La prima camera oscura fu realizzata molto prima che si trovassero dei mezzi chimici per fissare l’immagine ottica in essa proiettata; il primo ad applicarla in ambito fotografico fu il francese Joseph Nicéphore Niépce, cui convenzionalmente viene attribuita l’invenzione della fotografia, anche se studi recenti rivelano tentativi precedenti, come quello di Thomas Wedgwood. Fu tra il 1840 e il 1870 che i processi e i materiali fotografici vengono perfezionati.

Una fotografia è composta tre parti differenti:

  • Supporto: può essere di vetro, pellicola flessibile, carta o carta plastificata (politenata);
  • Legante o emulsione: lo strato del legante e emulsione, per la maggior parte gelatina animale, contenente l’immagine finale o legando l’immagine al supporto;
  • Materiale dell’immagine finale: lo strato costituito d’argento, coloranti, o pigmenti. L’immagine è generalmente sospesa nell’emulsione o nello strato del legante.

In termini conservativi, la fotografia è molto sensibile ai fattori ambientali – T°, UR, LUX, inquinamento atmosferico, ma anche alle sostanze ossidanti emesse da vernici murali, arredi in legno, cartoni e persino le buste in cui si riponevano le fotografie, oggi rigorosamente acid free, ovvero materiali che hanno pH 7 (neutro) o più alto (alcalino), bassissimo contenuto di zolfo, legante neutro, libera da lignina, da particelle metalliche, acide, perossidi, formaldeide e da agenti nocivi derivanti dall’incollaggio.

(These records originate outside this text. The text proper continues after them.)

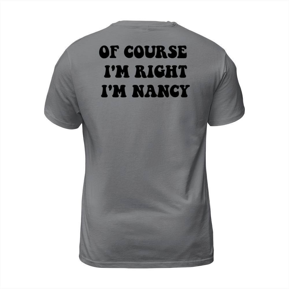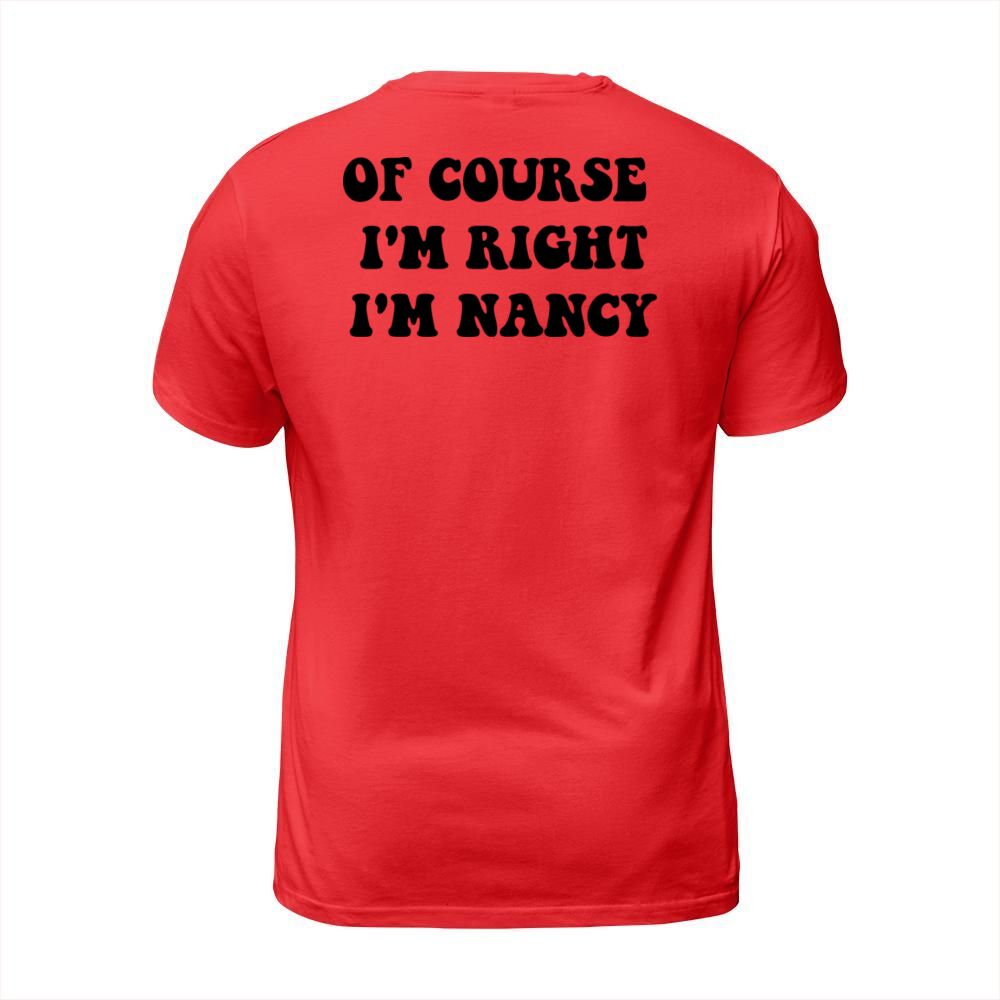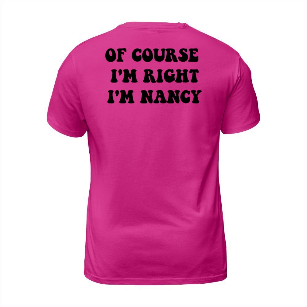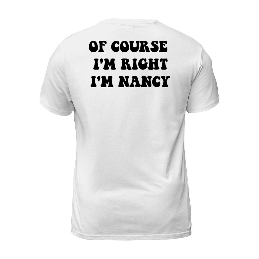 Shop OF course m right i m Nancy for cute Nancy T-Shirt Unisex custom made just for you. Available on many styles, sizes, and colors.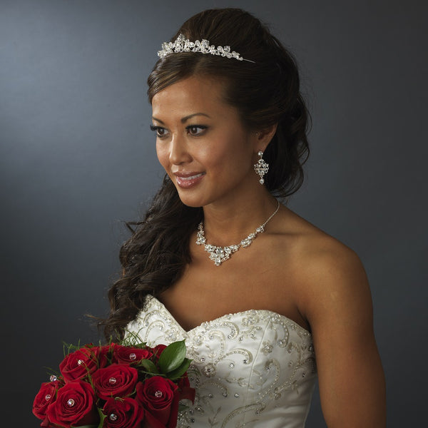 Silver Crystal Bridal Wedding Necklace Earring Set NE 8310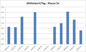 Nach Ende des vierwöchigen Projekts in den fünften Klassen hinterließen die Betreuer in jeder Klasse ein Raumthermometer und Protokollblätter, auf denen weiterhin die Temperaturen in ihren Klassenräumen eingetragen und wöchentlich an die Betreuer gefaxt werden sollten. Die jeweils eine Woche lang dafür verantwortlichen Schülerinnen und Schüler werden mit einem Poster im Klassenraum an ihre Aufgabe erinnert. Die Projektbetreuer von stratum schicken den Klassen auf Grund der Messdaten eine Auswertung zusammen mit Fragen und Anregungen zurück. Ein Diagramm (siehe Bild oben) zeigt, wie weit die Durchschnittstemperaturen im Klassenraum über 20°C gelegen haben. Das Ziel ist, möglichst bald die 20 °C dauerhaft zu erreichen – und zwar ohne energieverschwendendes Dauerlüften.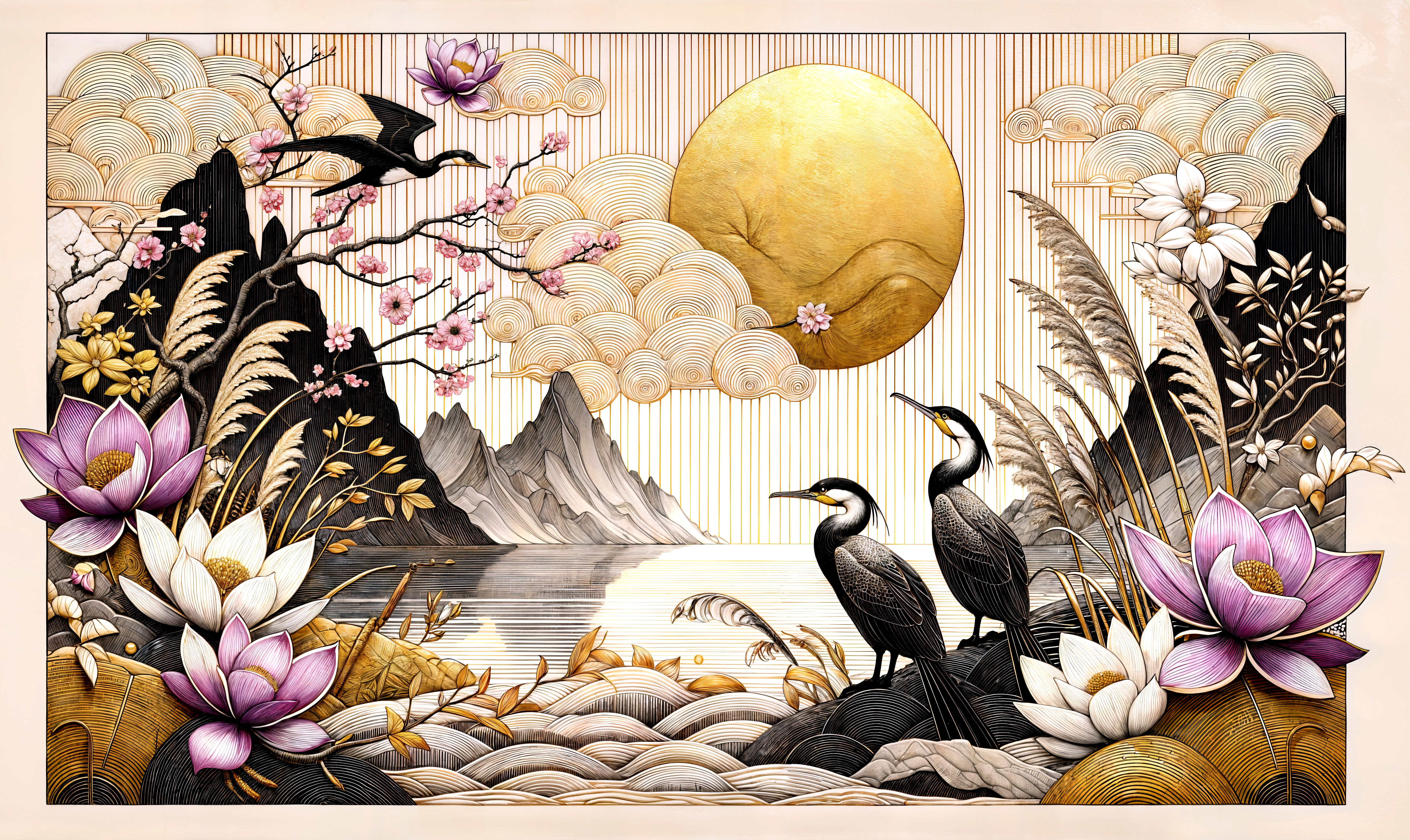 An art piece with a golden moon, cranes, mountains, and lotus flowers in a stylized, symmetrical design with an elegant color palette.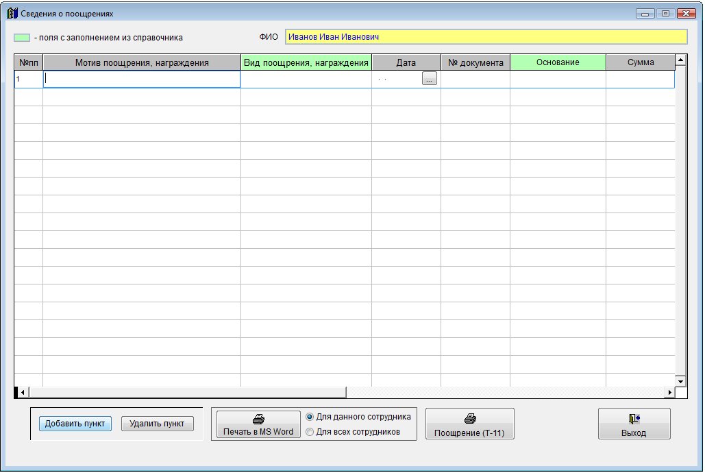Для печати записей о поощрениях и награждениях используйте нажмите кнопку "Печать в MS Word".

Le opere fotografiche dovrebbero essere mantenute ad una temperatura più bassa possibile e costantemente monitorata (18° circa) e l’umidità relativa dovrebbe stare in un range del 35-40 % . Inoltre dovrebbe essere controllata l’esposizione alla luce, alle radiazioni dei raggi UV, agli agenti atmosferici, all’inquinamento dovute a particelle sospese nell’aria. In particolare le stampe e i negativi in bianco e nero dovrebbero essere conservati ad una temperatura sotto ai 18° e l’umidità relativa (UR%) attorno al 30-40%, mentre i materiali a colori dovrebbero essere conservati in ambienti a bassa temperatura (sotto i 2° e 30-40% di UR) per assicurarne la durata nel tempo.

I negativi su supporto di vetro dovrebbero essere conservati singolarmente in buste di carta acid-free e collocati verticalmente per il lato lungo in schedari adeguatamente protetti o scatole robuste rivestite con un cartone separatore ogni cinque negativi. I negativi su pellicola possono essere conservati in contenitori di carta o poliestere. Essi possono in seguito essere collocati in scatole o in cartelle sospese in schedari. Per incorniciare le fotografie la scelta ideale è il passe-partout, sempre acid free, una cartella in cartoncino dove una finestra inquadra l’originale fissato al cartone di supporto tramite cerniere in carta giapponese o angoli. Deve essere eseguito su misura con materiali (cartone, adesivi, angoli o cerniere) conservativamente idonei e può essere più o meno spesso a seconda che sia confezionato per l’archiviazione (più sottile) o per l’esposizione (più spesso). Il passe-partout consente di sostenere e di visionare l’opera senza alcun maneggiamento, anche in caso di trasporto o spedizione, e valorizza meglio la fotografia con l’inconveniente però di occupare sicuramente più spazio di una busta.